Task description: Output every line from the beginning of the records through the line that contains "Pembe kuvars ve", exactly as it appears.

(Items from a data source)
BEGIN

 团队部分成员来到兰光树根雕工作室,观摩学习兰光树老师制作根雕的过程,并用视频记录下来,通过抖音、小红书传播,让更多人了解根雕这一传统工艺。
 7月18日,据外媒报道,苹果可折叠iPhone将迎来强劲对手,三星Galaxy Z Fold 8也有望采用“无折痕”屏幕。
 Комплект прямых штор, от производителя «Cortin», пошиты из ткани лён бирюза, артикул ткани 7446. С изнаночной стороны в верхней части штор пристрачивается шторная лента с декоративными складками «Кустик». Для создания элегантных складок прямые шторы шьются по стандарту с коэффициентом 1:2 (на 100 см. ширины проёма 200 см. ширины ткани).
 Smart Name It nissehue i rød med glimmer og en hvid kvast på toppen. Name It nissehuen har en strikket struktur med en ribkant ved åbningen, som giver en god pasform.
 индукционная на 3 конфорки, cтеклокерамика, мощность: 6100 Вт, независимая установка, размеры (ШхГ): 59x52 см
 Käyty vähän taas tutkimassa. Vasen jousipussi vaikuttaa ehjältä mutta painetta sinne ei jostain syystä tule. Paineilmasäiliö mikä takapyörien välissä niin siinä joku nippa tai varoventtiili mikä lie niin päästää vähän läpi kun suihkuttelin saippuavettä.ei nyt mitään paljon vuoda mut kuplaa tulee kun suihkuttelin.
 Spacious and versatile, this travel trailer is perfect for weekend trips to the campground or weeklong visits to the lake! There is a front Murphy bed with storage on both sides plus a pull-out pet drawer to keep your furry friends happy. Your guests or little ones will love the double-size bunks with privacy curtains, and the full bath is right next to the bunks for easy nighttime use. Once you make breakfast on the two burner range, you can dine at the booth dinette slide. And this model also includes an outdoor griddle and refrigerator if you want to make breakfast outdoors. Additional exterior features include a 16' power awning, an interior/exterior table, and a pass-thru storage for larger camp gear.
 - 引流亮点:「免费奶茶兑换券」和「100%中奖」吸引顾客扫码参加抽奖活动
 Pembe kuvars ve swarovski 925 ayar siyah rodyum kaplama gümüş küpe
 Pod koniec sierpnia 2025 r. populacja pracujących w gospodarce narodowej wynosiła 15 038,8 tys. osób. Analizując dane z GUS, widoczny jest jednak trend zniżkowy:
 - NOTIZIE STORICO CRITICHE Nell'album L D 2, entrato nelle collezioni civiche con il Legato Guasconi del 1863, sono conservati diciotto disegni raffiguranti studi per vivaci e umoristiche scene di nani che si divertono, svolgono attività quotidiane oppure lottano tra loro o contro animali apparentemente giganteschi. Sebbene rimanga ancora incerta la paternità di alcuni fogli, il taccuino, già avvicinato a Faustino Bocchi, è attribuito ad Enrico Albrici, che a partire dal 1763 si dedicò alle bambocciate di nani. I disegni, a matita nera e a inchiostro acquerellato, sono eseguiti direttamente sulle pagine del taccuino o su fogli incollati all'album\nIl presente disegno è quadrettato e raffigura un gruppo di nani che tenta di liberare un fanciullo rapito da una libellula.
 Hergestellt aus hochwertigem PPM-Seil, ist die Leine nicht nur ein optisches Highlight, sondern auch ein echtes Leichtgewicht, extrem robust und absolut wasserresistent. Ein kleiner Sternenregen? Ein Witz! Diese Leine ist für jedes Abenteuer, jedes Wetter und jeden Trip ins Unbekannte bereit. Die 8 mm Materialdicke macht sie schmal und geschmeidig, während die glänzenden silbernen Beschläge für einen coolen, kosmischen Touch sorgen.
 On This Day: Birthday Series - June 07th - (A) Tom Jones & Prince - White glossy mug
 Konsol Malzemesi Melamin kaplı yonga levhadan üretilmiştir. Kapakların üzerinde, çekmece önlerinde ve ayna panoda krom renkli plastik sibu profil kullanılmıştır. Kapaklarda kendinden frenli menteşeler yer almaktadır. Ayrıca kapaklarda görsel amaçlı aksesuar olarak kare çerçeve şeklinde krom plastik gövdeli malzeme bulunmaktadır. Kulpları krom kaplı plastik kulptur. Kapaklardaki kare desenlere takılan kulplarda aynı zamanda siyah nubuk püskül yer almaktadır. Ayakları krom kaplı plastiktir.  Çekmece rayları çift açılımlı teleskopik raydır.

END

Your solution:
 团队部分成员来到兰光树根雕工作室,观摩学习兰光树老师制作根雕的过程,并用视频记录下来,通过抖音、小红书传播,让更多人了解根雕这一传统工艺。
 7月18日,据外媒报道,苹果可折叠iPhone将迎来强劲对手,三星Galaxy Z Fold 8也有望采用“无折痕”屏幕。
 Комплект прямых штор, от производителя «Cortin», пошиты из ткани лён бирюза, артикул ткани 7446. С изнаночной стороны в верхней части штор пристрачивается шторная лента с декоративными складками «Кустик». Для создания элегантных складок прямые шторы шьются по стандарту с коэффициентом 1:2 (на 100 см. ширины проёма 200 см. ширины ткани).
 Smart Name It nissehue i rød med glimmer og en hvid kvast på toppen. Name It nissehuen har en strikket struktur med en ribkant ved åbningen, som giver en god pasform.
 индукционная на 3 конфорки, cтеклокерамика, мощность: 6100 Вт, независимая установка, размеры (ШхГ): 59x52 см
 Käyty vähän taas tutkimassa. Vasen jousipussi vaikuttaa ehjältä mutta painetta sinne ei jostain syystä tule. Paineilmasäiliö mikä takapyörien välissä niin siinä joku nippa tai varoventtiili mikä lie niin päästää vähän läpi kun suihkuttelin saippuavettä.ei nyt mitään paljon vuoda mut kuplaa tulee kun suihkuttelin.
 Spacious and versatile, this travel trailer is perfect for weekend trips to the campground or weeklong visits to the lake! There is a front Murphy bed with storage on both sides plus a pull-out pet drawer to keep your furry friends happy. Your guests or little ones will love the double-size bunks with privacy curtains, and the full bath is right next to the bunks for easy nighttime use. Once you make breakfast on the two burner range, you can dine at the booth dinette slide. And this model also includes an outdoor griddle and refrigerator if you want to make breakfast outdoors. Additional exterior features include a 16' power awning, an interior/exterior table, and a pass-thru storage for larger camp gear.
 - 引流亮点:「免费奶茶兑换券」和「100%中奖」吸引顾客扫码参加抽奖活动
 Pembe kuvars ve swarovski 925 ayar siyah rodyum kaplama gümüş küpe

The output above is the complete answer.